Recently in In Re: 180 Equipment, LLC, a case of first impression, the United States Court of Appeals for the Seventh Circuit determined that the Illinois version of Article 9 of the Uniform Commercial Code (Illinois UCC) does not require a financing statement to contain a specific description of secured collateral. Instead, the Illinois UCC allows a financing statement to indicate collateral by reference to the description in the underlying security agreement, provided the identity of such collateral is objectively determinable.

In 180 Equipment, LLC, 180 Equipment, LLC (the Debtor) granted a security interest to First Midwest Bank (the Lender) in substantially all the Debtor’s assets pursuant to a security agreement. The security agreement further set forth twenty-six (26) categories of collateral, including accounts, cash, equipment, instruments, goods, inventory and proceeds thereof. To perfect its interest, the Lender timely filed a financing statement that covered all collateral described in such security agreement. Specifically, the financing statement indicated the collateral as “[a]ll Collateral described in First Amended and Restated Security Agreement dated March 9, 2015 between Debtor and Secured Party.” Thereafter, the Debtor filed for Chapter 7 bankruptcy protection, wherein the Lender commenced an adversary proceeding seeking, among other things, a declaration that its security interest in the Debtor’s assets was properly perfected and senior to the interests of all other claimants. The Bankruptcy Court found that the failure of the financing statement to contain a description of collateral meant that the financing statement failed to provide particularized notice as required by the Illinois UCC. On appeal, the Seventh Circuit Court of Appeals held that the Illinois UCC allows a financing statement to indicate collateral by reference to the description in the underlying security agreement.

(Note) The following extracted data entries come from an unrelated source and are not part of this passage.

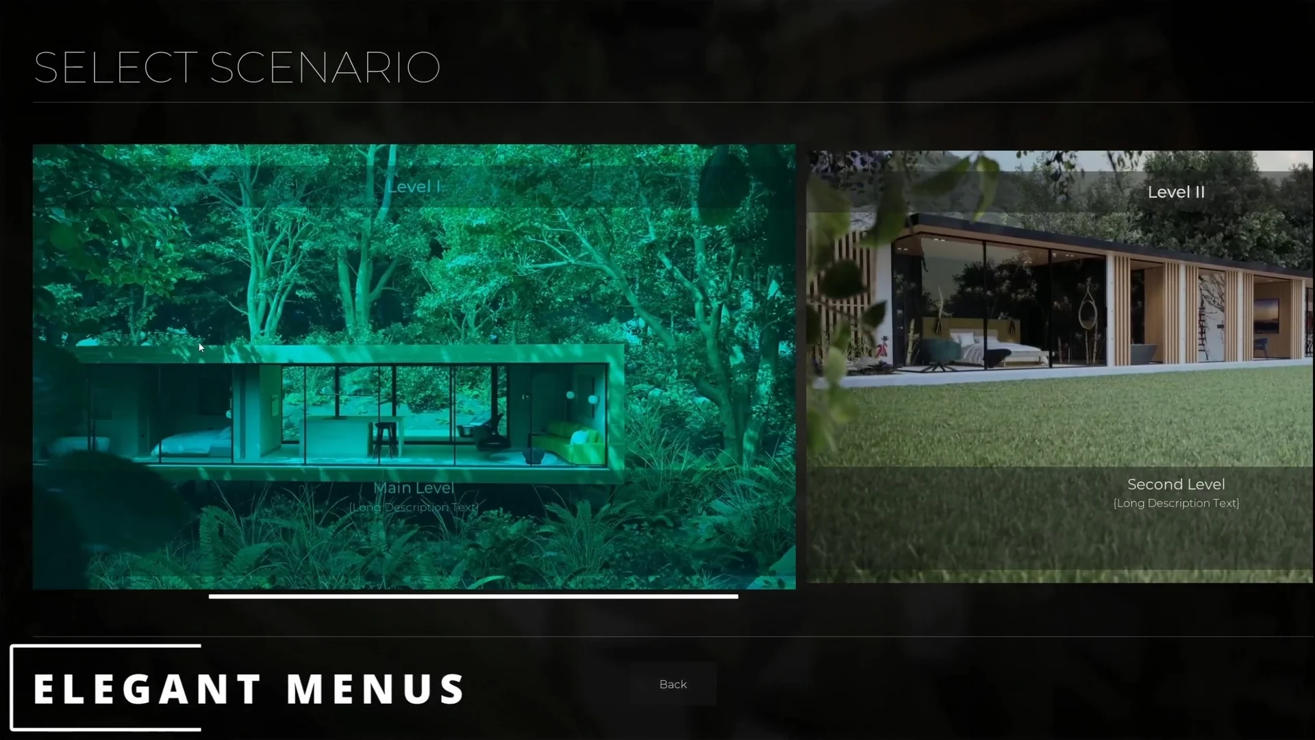 The package includes quick scene setup for the main menu and main level, which helps when a project starts from a blank Unreal Engine scene and needs to reach a usable walkthrough without building every system by hand. The focus stays on the practical pieces that support architectural visualization: a clean look, production-ready materials, and the core interaction structure that holds the scene together.
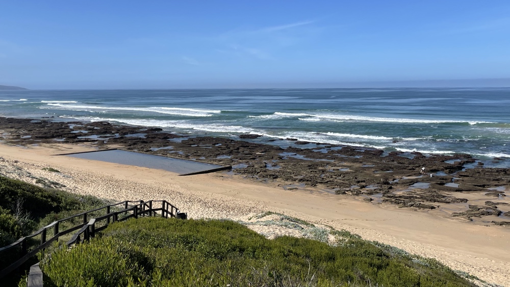 Reebok/Tergniet beach. There are 2 tidal pools along this stetch of beach and at low tide there are lots of rock pools waiting to be explored.
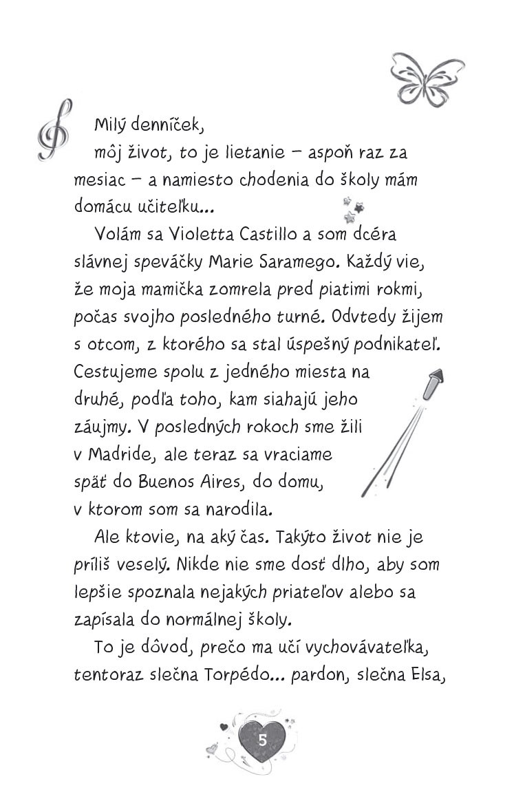 Volám sa Violetta Castillo a budem mať šestnásť rokov. Pre prácu môjho otecka som stále cestovala sem a tam, takže som nikdy nebývala na jednom mieste dosť dlho na to, aby som si tam našla kamarátov alebo začala žiť normálny život. Ale teraz, keď sme sa vrátili do Buenos Aires, sa všetko zmení! Tuším, že ma čaká mnoho dôležitých vecí, a ktovie, možno sa mi jedného dňa splní sen a stanem sa slávnou speváčkou, ako bola moja mamička.
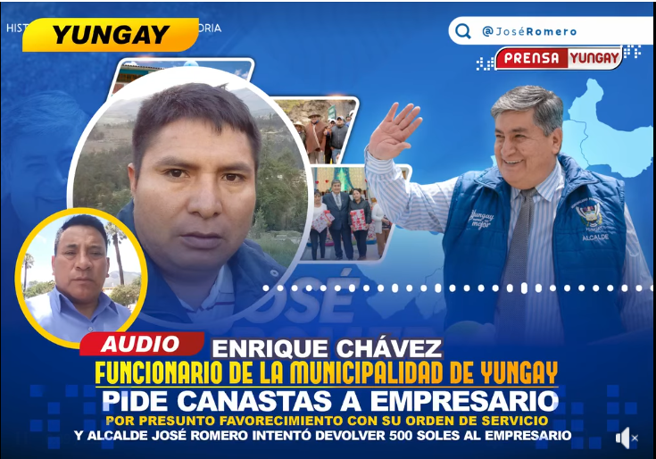 Un nuevo audio viene circulando por redes sociales, donde se escucha al empresario constructor Miguel Carey dialogar con el responsable de Logística de la Municipalidad Provincial de Yungay, Enrique Chávez, a quien presuntamente se le solicita un “apoyo” con canastas por el Día de la Madre.
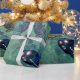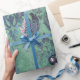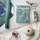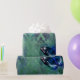 Enveloppe cadeau avec un arrière - plan damassé en fausse feuille éblouissant aux accents vert et bleu avec un papillon pétillant.
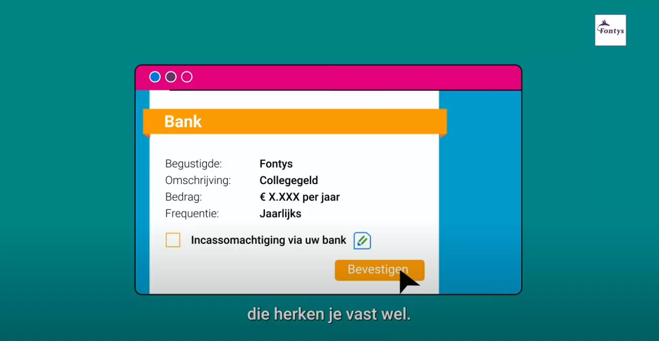 - Rond je inschrijving helemaal af. Vergeet niet om de digitale machtiging voor het betalen van je collegegeld te geven.
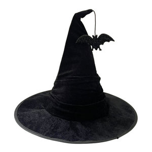 ベルベットのしわのある魔女の帽子: コウモリの吊り下げ飾り付き

In making its determination the Seventh Circuit Court of Appeals considered whether the Illinois UCC requires the four corners of the financing statement to include a specific description of the secured collateral or whether incorporating a description by reference to a security agreement is sufficient to indicate collateral. The security agreement creates and specifically defines the interest as compared to the financing statement which merely provides notice of such interest. Given the distinct functions served by the financing statement and the security agreement, the Seventh Circuit Court of Appeals noted that while each document must describe the collateral, the degree of specificity required turns on the nature of the document involved. Further, while a subsequent creditor need not be a “super-detective” in investigating prior secured transactions, incorporation of a collateral description by reference was enough to notify such creditor to the existence of a lien and that additional inquiry was necessary.